Task:
Word for word, restate the lines of the listing below from the line with "Многофункциональный молоток TOTAL" through the line with "We need someone", and do not include the pictures.

Data shown:
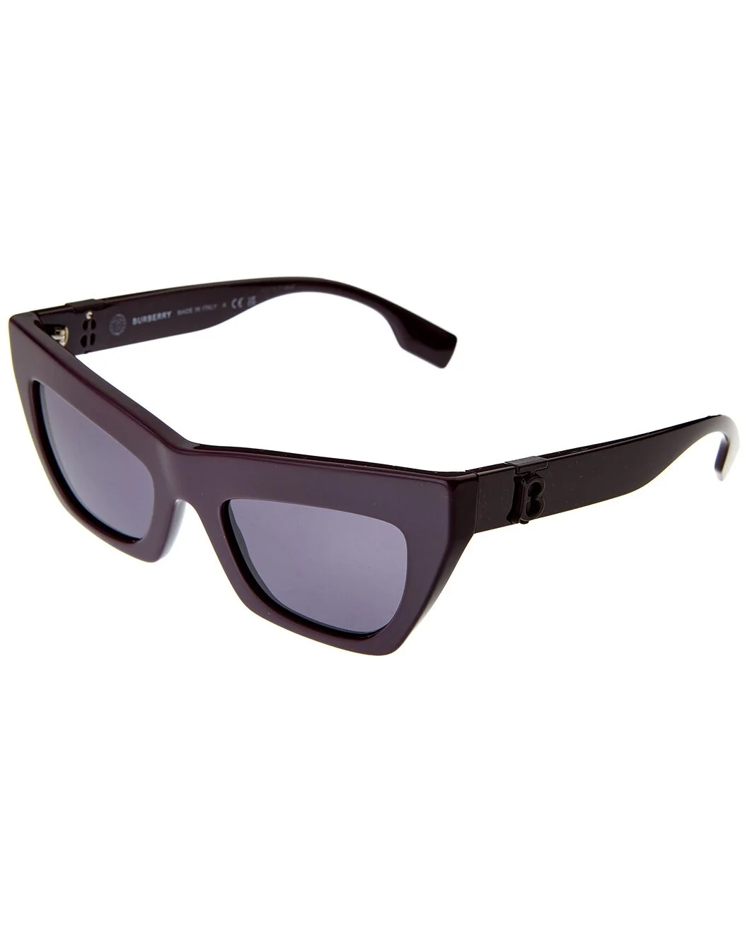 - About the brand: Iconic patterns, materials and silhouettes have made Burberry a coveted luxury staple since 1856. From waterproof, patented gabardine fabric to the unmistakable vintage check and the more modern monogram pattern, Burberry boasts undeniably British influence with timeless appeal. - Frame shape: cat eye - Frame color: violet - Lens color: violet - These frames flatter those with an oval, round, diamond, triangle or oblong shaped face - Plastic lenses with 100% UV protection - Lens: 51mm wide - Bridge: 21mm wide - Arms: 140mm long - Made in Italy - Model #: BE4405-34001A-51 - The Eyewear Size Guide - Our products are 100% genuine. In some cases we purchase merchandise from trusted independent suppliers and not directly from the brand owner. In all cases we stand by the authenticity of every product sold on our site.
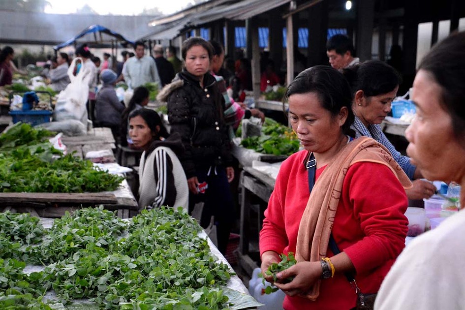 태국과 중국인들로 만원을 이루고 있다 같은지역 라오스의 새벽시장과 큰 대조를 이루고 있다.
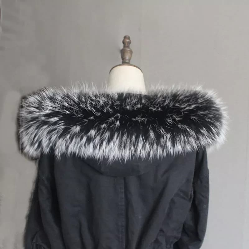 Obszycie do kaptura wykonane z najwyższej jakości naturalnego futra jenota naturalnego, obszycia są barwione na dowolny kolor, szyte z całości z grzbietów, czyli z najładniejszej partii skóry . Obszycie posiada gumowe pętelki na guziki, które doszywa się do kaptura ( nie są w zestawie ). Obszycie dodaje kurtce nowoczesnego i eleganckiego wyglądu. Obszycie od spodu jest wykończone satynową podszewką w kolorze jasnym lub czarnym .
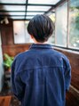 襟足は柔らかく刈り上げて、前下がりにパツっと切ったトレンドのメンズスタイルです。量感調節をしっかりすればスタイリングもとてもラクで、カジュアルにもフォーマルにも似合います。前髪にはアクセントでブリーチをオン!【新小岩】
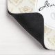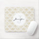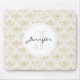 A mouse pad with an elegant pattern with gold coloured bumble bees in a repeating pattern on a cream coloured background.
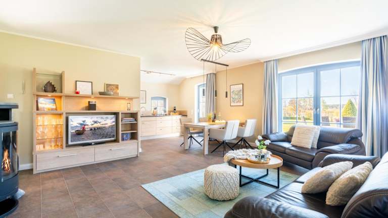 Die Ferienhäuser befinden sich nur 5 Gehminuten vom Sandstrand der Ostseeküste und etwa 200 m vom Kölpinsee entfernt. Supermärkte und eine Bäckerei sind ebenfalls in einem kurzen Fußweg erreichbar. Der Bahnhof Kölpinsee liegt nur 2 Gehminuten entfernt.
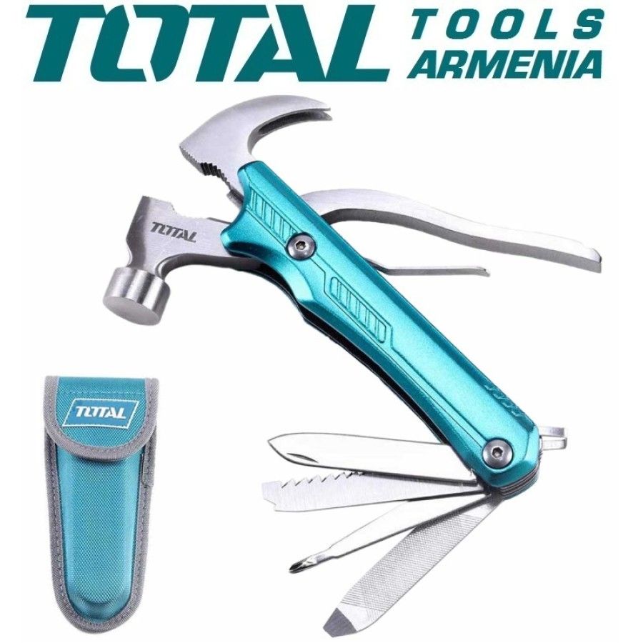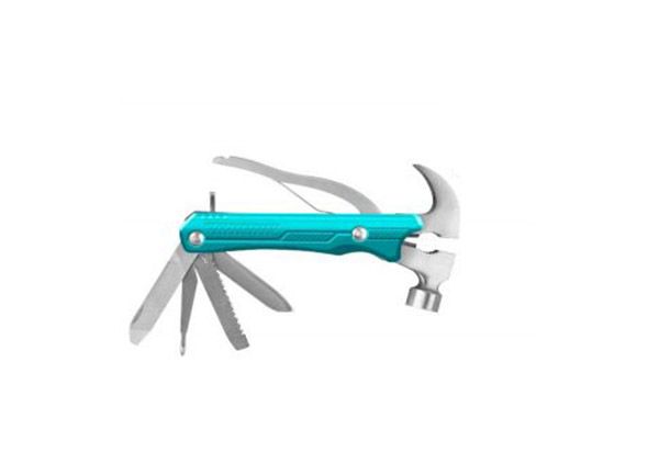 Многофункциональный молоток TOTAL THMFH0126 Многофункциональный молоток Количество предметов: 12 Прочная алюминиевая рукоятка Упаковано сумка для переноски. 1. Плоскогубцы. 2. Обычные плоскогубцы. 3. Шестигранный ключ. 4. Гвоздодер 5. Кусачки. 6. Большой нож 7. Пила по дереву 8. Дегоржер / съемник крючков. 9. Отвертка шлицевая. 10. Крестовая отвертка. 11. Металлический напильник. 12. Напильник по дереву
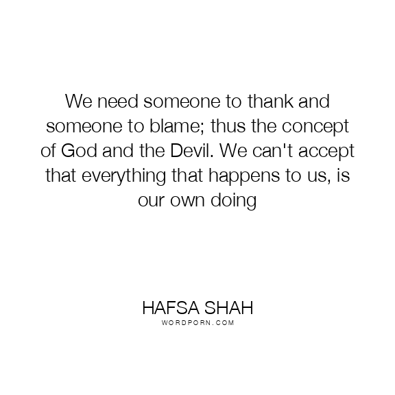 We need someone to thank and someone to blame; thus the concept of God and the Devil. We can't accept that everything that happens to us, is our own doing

* * *

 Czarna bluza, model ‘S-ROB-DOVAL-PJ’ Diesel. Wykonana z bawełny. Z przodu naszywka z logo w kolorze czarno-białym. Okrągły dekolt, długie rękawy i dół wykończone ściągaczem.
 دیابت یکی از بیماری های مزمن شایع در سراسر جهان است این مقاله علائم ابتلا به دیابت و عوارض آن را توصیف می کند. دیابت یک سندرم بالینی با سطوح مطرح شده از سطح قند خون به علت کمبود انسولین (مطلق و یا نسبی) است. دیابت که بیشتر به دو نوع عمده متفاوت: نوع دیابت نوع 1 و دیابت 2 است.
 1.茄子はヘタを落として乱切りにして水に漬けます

Task solution:
 Многофункциональный молоток TOTAL THMFH0126 Многофункциональный молоток Количество предметов: 12 Прочная алюминиевая рукоятка Упаковано сумка для переноски. 1. Плоскогубцы. 2. Обычные плоскогубцы. 3. Шестигранный ключ. 4. Гвоздодер 5. Кусачки. 6. Большой нож 7. Пила по дереву 8. Дегоржер / съемник крючков. 9. Отвертка шлицевая. 10. Крестовая отвертка. 11. Металлический напильник. 12. Напильник по дереву
 We need someone to thank and someone to blame; thus the concept of God and the Devil. We can't accept that everything that happens to us, is our own doing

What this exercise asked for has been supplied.